● **What is needed**
Set the data down again, exactly as it reads, but without the pictures.

● **Supplied information**

- Opening Delimiter -

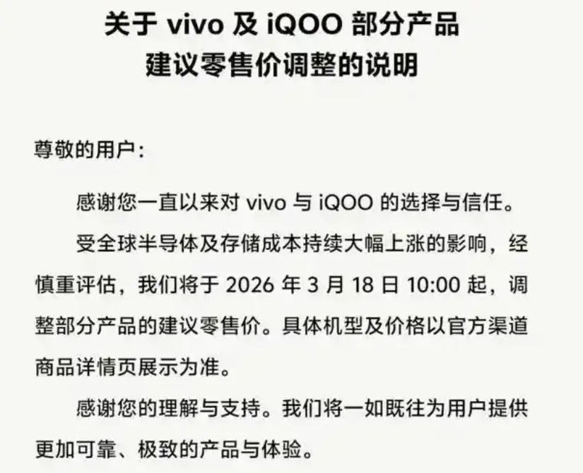 vivo宣布:受全球半导体与存储成本持续上涨影响,部分机型全面调价。
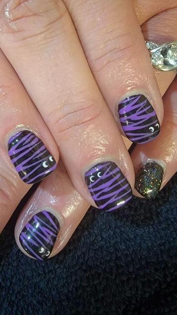 Embrace the spooky season with style! π€β¨ These black nails wrapped in eerie purple mummy wraps are the perfect combination of chic and creepy. ππ #NailArt #HalloweenNails #MummyWraps
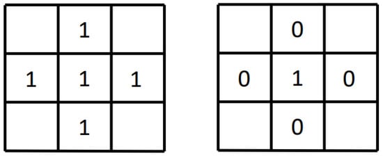 First, the target pixels in the image are divided into external points, internal points, and isolated points. As shown in Figure 1, the left image is a schematic diagram of internal points and the right image is a schematic diagram of isolated points. Consider the center pixel and its four-neighborhood pixels: if the center pixel is the target pixel and its four-neighborhood pixels are also target pixels, it means that the center pixel is an interior point; if the center pixel is the target pixel and its four neighboring pixels are all background pixels, then this center pixel is an isolated point. Pixels that are neither internal points nor isolated points in the target area are boundary points.

- Closing Delimiter -

● **Output for this task**
 vivo宣布:受全球半导体与存储成本持续上涨影响,部分机型全面调价。
 Embrace the spooky season with style! π€β¨ These black nails wrapped in eerie purple mummy wraps are the perfect combination of chic and creepy. ππ #NailArt #HalloweenNails #MummyWraps
 First, the target pixels in the image are divided into external points, internal points, and isolated points. As shown in Figure 1, the left image is a schematic diagram of internal points and the right image is a schematic diagram of isolated points. Consider the center pixel and its four-neighborhood pixels: if the center pixel is the target pixel and its four-neighborhood pixels are also target pixels, it means that the center pixel is an interior point; if the center pixel is the target pixel and its four neighboring pixels are all background pixels, then this center pixel is an isolated point. Pixels that are neither internal points nor isolated points in the target area are boundary points.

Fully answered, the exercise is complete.